= Hannah Bast =

German computer scientist

Hannah Bast is a German computer scientist known for her work on routing in transportation networks and search engines. She works as a professor at the University of Freiburg, where she holds the chair in algorithms and data structures and is dean of the faculty of engineering. She is one of the members of the Enquete Commission on Artificial Intelligence of the German federal parliament.

Bast studied at Saarland University, earning bachelor's degrees in mathematics and computer science in 1990, a master's degree in computer science in 1994, and a doctorate in 2000. Her dissertation, supervised by Kurt Mehlhorn, was Provably Optimal Scheduling of Similar Tasks. She worked as a researcher at the Max Planck Institute for Informatics until 2007, and as a visiting scientist at Google from 2008 to 2009, before moving to Freiburg in 2009. Bast was program chair for Track B (Engineering and Applications) of the 2018 European Symposium on Algorithms, where she conducted an experiment on the quality of peer review by having two parallel program committees reviewing the complete set of submissions independently. Bast will be co-chairs with Marc Najork and Min Zhang for SIGIR 2026.

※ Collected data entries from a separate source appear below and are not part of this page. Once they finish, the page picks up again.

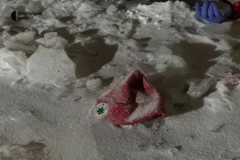 Шапка загиблого медика поруч з його тілом. Київ, 9 січня 2026 року. Суспільне Новини/Нікіта Галка"Вони чергували на місці прильоту. Постраждалих не було і як раз у той момент почав наближатися безпілоткник, вони побігли до укриття і він їх наздогнав, не встигли сховатися", — розповідає завідувач підстанції екстреної медичної допомоги Вадим Віліговчук.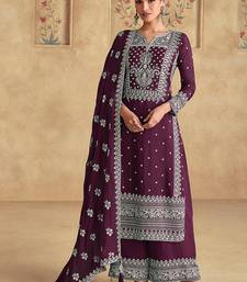 Dark purple georgette with embroidered palazzo suit semi stitched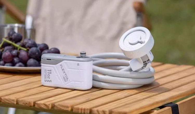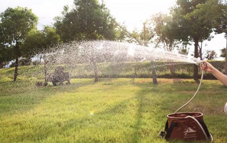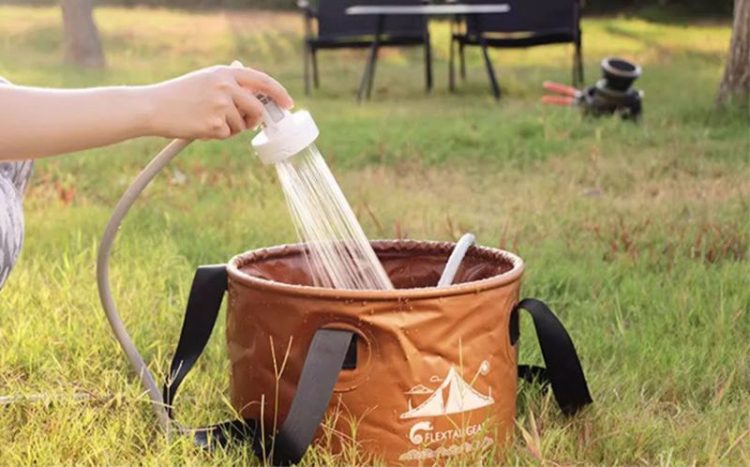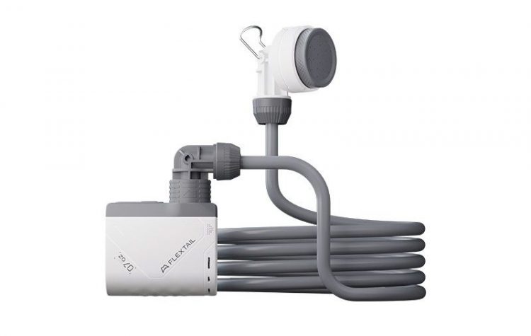 鱼尾科技 Flextail 便携式淋浴器内置锂电,防水设计,水泵深入水桶,便可在户外喷淋洗浴,也可用来清洗瓜果蔬菜和污垢。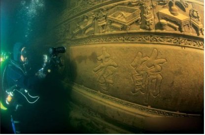 Hace seis años, durante el invierno de 2009, se realizó una de las primeras inmersiones en el lago para explorar estos vestigios arqueológicos que han pervivido hasta nuestros días de forma casi fantasmal; su finalidad era la de explorarlos debido a la importancia histórica de la ciudad de ShiCheng. Lo realmente fascinante fue la excepcional conservación de la antigua metrópoli, casi de manera íntegra gracias a la temperatura constante del ambiente, que ha contribuido a mantenerla en una especie de cápsula del tiempo bajo las aguas, paradójicamente, intacta a la revolución urbanística que ha transformado China desde su apertura al capitalismo hace más de tres décadas que ha arrasado buena parte de su patrimonio cultural. Asimismo, se sabe que a los pies de la montaña se instalaron el centro político, económico y cultural desde el año 621 durante la dinastía Tang (618-907), hasta 1959, cuando se construye el lago artificial.[5]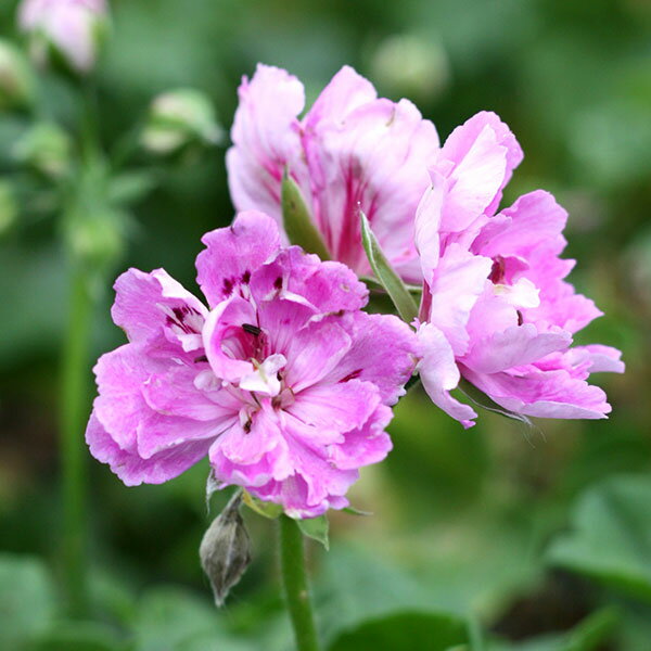 ピンク色の可憐な八重咲のゼラニウム「アイビーゼラニウム」です。1輪のお花が大きめで、葉っぱはアイビーに似た形をしていて光沢があるので、お花を含めて華やかな印象があります。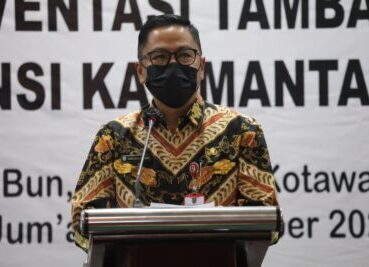 Asisten Bidang Ekobang Setda Provinsi Kalteng Leonard S Ampung saat membuka FGD Prospek dan Investasi Tambak Udang Vaname di Provinsi Kalteng di Avila Hotel Pangkalan Bun, Kabupaten Kobar, Jumat (10/12/2021). (Media Dayak/MMC Kalteng)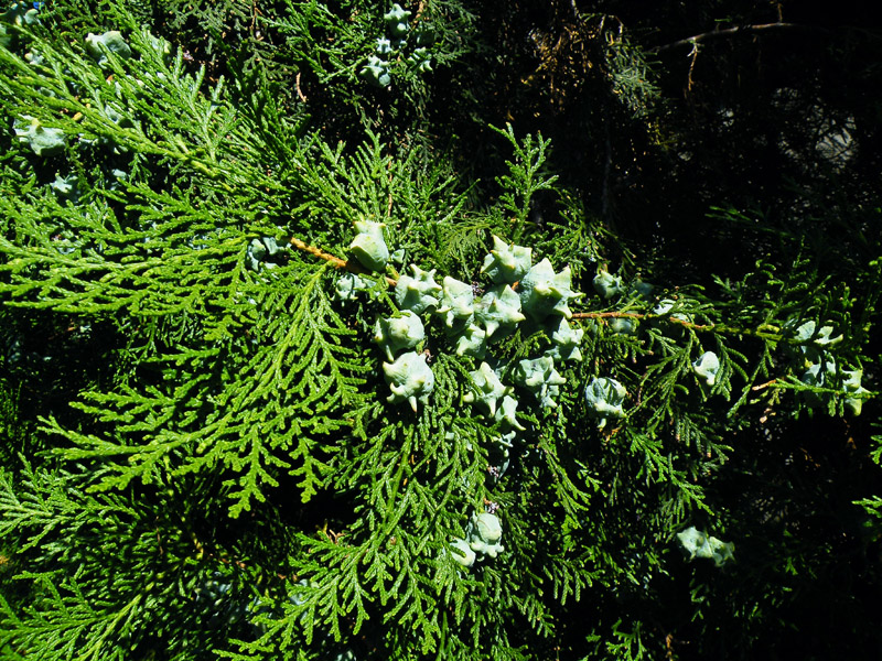 | KORA, PĘDY | Pędy skierowane ku górze, o wachlarzowatych rozgałęzieniach gęsto ustawionych w jednej płaszczyźnie. Kora czerwonobrązowa, łuszcząca się płatami.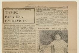 Tiempo para una entrevista [artículo] / A.B. El Siglo (Diario : Santiago, Chile)-- feb. 19, 1967, p. 17. retr. .

Bast is leading the development of QLever and won several awards: the Saarland University Dissertation Award , the Otto Hahn Medal from the Max Planck Society, the Heinz Billing Prize (together with Stefan Funke), the Meyer Struckmann Science Prize, the Alcatel-Lucent Research Award, a Google Focused Research Award (together with Dorothea Wagner and Peter Sanders), and various teaching awards.